Records from a dataset:

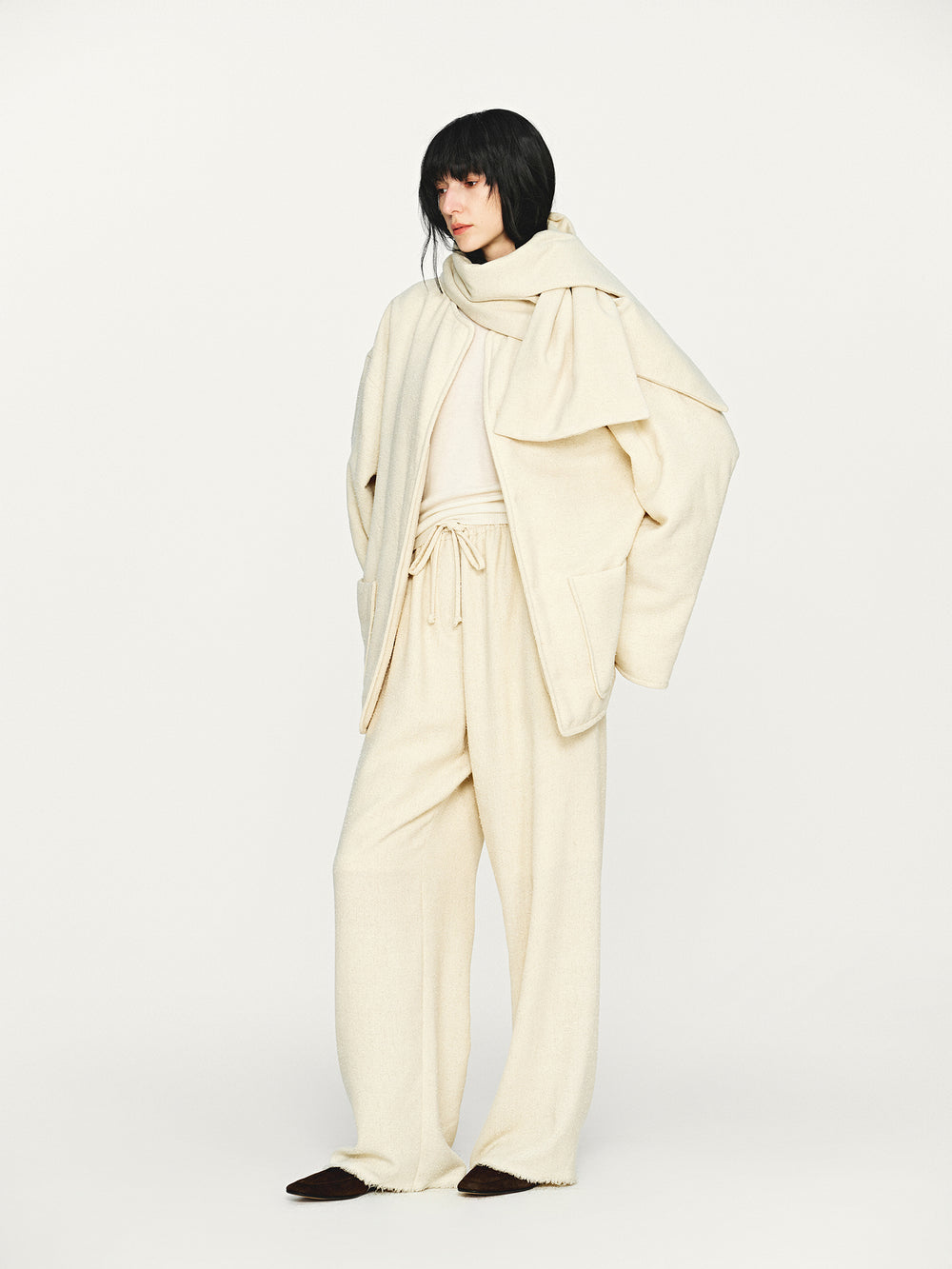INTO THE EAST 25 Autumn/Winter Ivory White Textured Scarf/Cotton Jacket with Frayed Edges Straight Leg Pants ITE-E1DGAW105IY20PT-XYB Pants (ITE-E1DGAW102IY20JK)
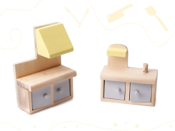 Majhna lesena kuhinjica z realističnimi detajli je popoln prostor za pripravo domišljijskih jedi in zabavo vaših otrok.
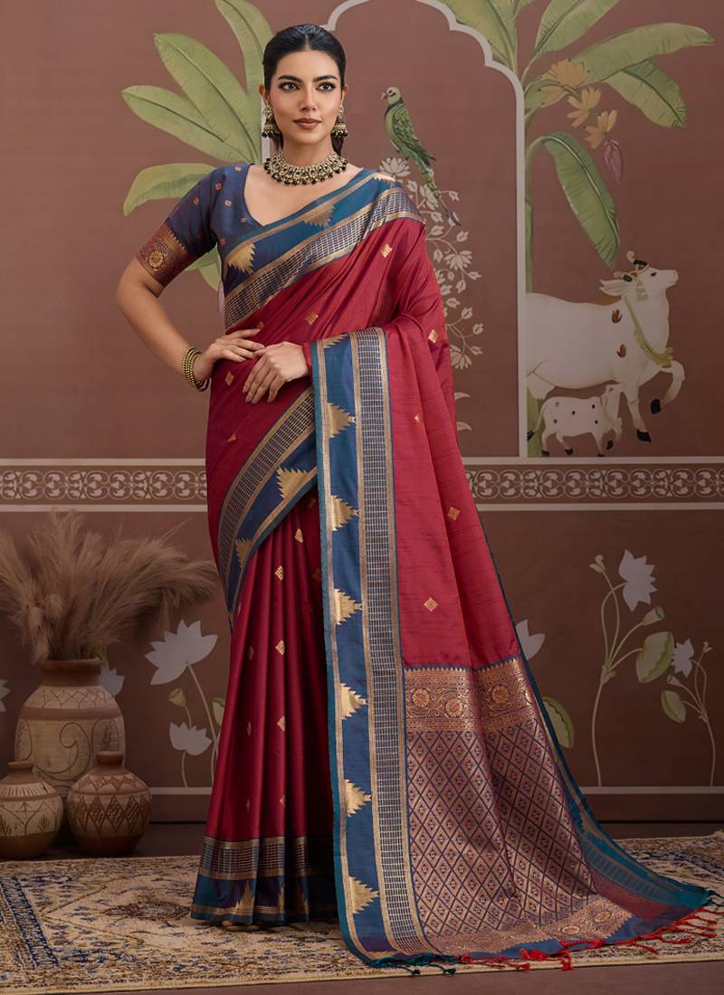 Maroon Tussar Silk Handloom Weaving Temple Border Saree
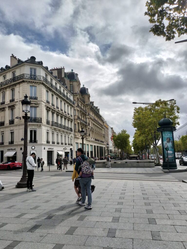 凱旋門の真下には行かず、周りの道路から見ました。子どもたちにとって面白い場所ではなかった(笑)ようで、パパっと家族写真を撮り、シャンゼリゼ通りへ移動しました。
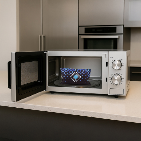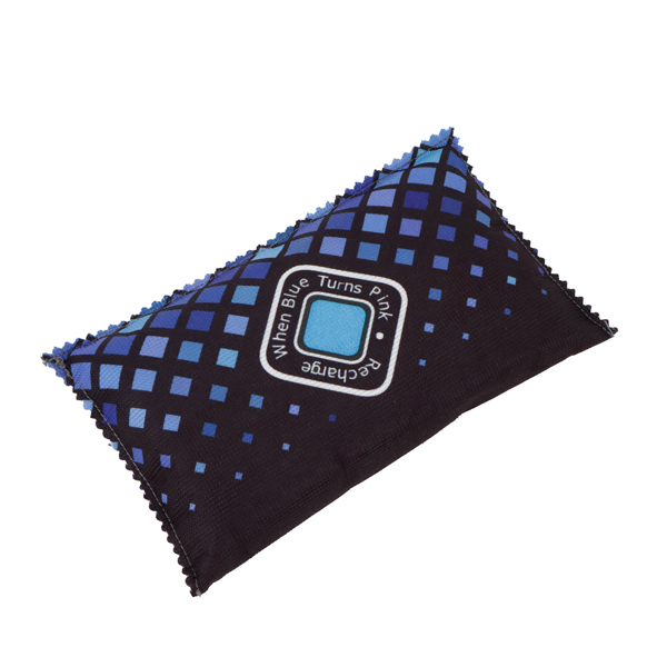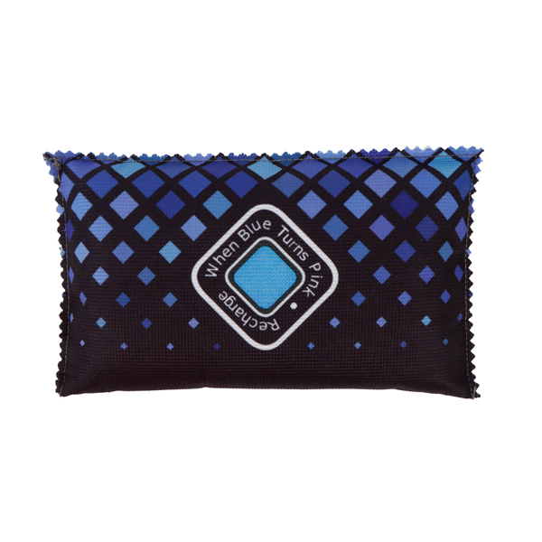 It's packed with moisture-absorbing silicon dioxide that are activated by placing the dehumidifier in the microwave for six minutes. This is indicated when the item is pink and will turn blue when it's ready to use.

What the exercise asks:
Write the data out again exactly, but without its images.

Written answer:
INTO THE EAST 25 Autumn/Winter Ivory White Textured Scarf/Cotton Jacket with Frayed Edges Straight Leg Pants ITE-E1DGAW105IY20PT-XYB Pants (ITE-E1DGAW102IY20JK)
 Majhna lesena kuhinjica z realističnimi detajli je popoln prostor za pripravo domišljijskih jedi in zabavo vaših otrok.
 Maroon Tussar Silk Handloom Weaving Temple Border Saree
 凱旋門の真下には行かず、周りの道路から見ました。子どもたちにとって面白い場所ではなかった(笑)ようで、パパっと家族写真を撮り、シャンゼリゼ通りへ移動しました。
 It's packed with moisture-absorbing silicon dioxide that are activated by placing the dehumidifier in the microwave for six minutes. This is indicated when the item is pink and will turn blue when it's ready to use.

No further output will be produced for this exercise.